Using science textbook concepts as a foundation, the book tells the story of climate change, through the history of evolution, biodiversity, interconnectedness of nature and energy balance on planet Earth. The story is a dream-adventure of a young 14-year-old girl, Ila. In her quest to find out what made life possible and what sustains it, on planet Earth.

Ila’s search for the answers, takes her through time, space and the ecosystems.  She meets various characters, both human and non-human and learns – what I wish I had learnt in school – that everything on Earth is connected and that life is a magical, self-organizing, self-sustaining system, until Sapiens disrupted the rhythm and balance. She learns from Mira, a whale how the ocean provides the planet with oxygen. She learns from Hanu, the langur, how forests make rain. She learns from Wrom, the earthworm, how the soil provides food. But none of them can help her find out what the Magical Everything really is. But Ila doesn’t give up until she finds out. No hints or spoilers, sorry! Read the book!

The book was 25 years in the making. Back in the mid 90s I made a career shift from advertising to design. I built my design practice from scratch, making handmade paper and lighting accessories from agricultural and other waste material around Bangalore. The practice grew and today goes by the name of Oorjaa Design, (www.oorjaa.in). 

Oorjaa has become a formidable presence in the sustainable lighting space. However, growing the practice, using only waste as raw material, refining processes and packaging with lighter footprints, through the last 25 years, taught me a great deal about circularity, systems and regeneration on this amazing planet we inhabit.

 “The more clearly we can focus our attention on the wonders and realities of the universe about us, the less taste we shall have for its destruction,” said Rachel Carson, and that thought pretty much underlined my journey as a designer as I began to explore the circularity of the planet’s amazing systems. But it also raised a lot of questions in my mind, specially about our linear economy and waste. My interest in waste also led me to TAICT, (www.taict.org), a waste management NGO, the co-producers of this book.

The climate crisis is the greatest challenge humanity has ever faced.
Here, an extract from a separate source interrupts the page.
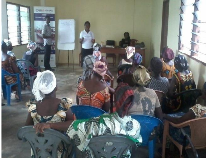
Figure 4 Trainees being taken through group dynamics

This is a refrain most of us have probably read or heard over and over again in the last few years. Yet, how have we, as a civilization really engaged with this challenge?
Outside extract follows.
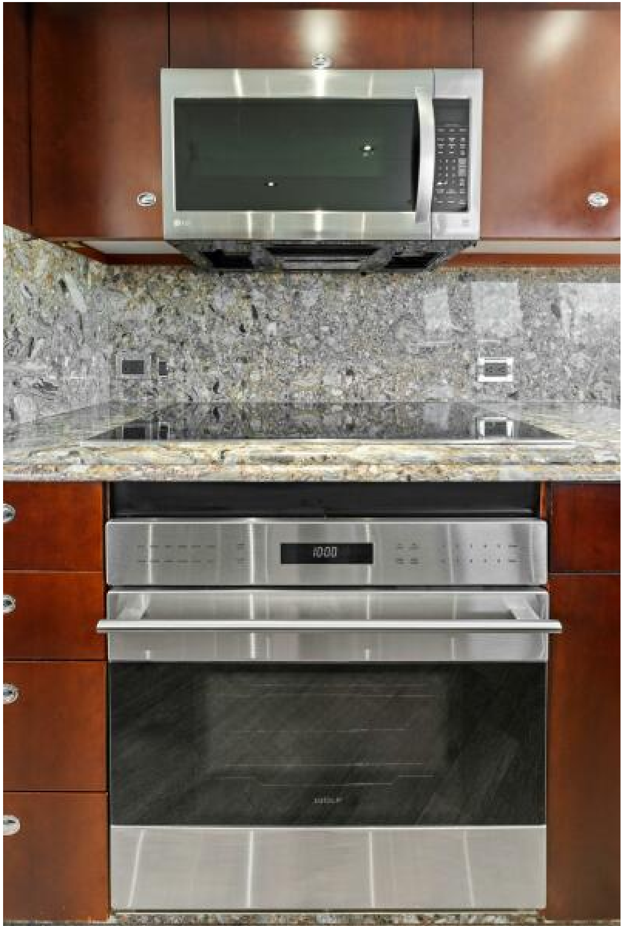
2002 112 Westport Motor Yacht Eclipse Galley

Apart from a small fragment of society, scattered all over the world, most of us have either denied or ignored the warning signs or found acceptable ways and methods to continue with business as usual within the paradigm of our extractive “economosphere”, without addressing systemic problems. Why? I have come to believe that it is because, as a society, we have completely distanced ourselves from nature’s systems and today most of us have very little understanding of it.

Kids learning how to recycle trash

It really starts with our school education. The education most of us receive, gives us the science but veers us away from really understanding this wonderful planet we all inhabit. We acquire many other skills and heaps of information, but not the wisdom to respect or align with the planet’s ability to create and regenerate. In fact, our education mainly equips us to use our knowledge to utilize the planet as a boundless resource. As a consequence, most of us have no qualm or conscience about trashing it. The book -The Magical Everything – I hope, makes a small contribution to address that lacuna.
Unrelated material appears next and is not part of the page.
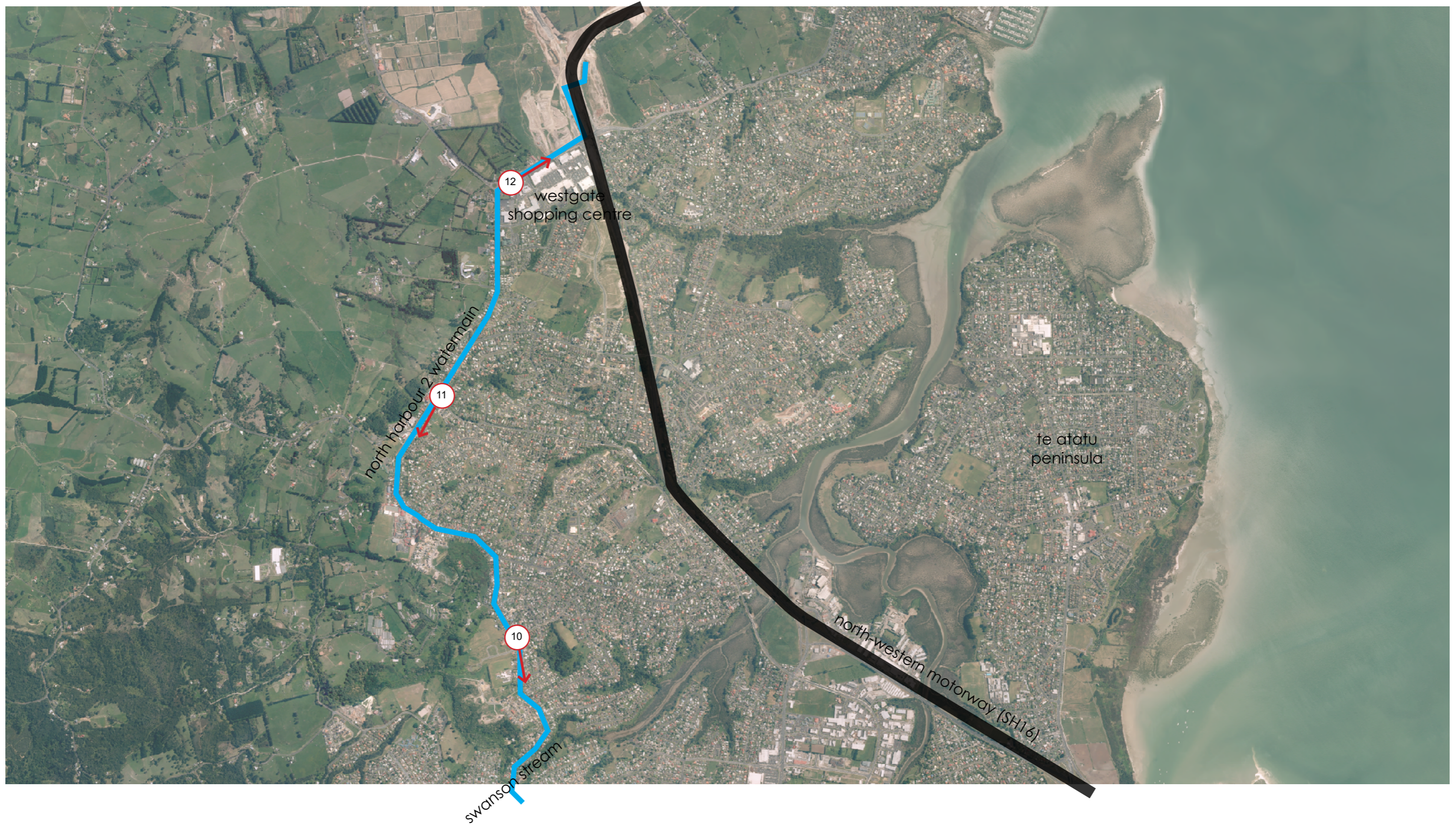
photo location map (1:25000@A3 approximately)

In the book, Ila is sent on a quest to find the Magical Everything, that she is told, is what connects all life on planet Earth.  “Where do I even begin?” She asks the astronaut Ramanujam, who she finds herself with, in a space ship deep in space.

“By understanding,” he answers. “Understanding eventually leads us to doing the right thing” and with those words he sends her off, tumbling through space, towards Earth.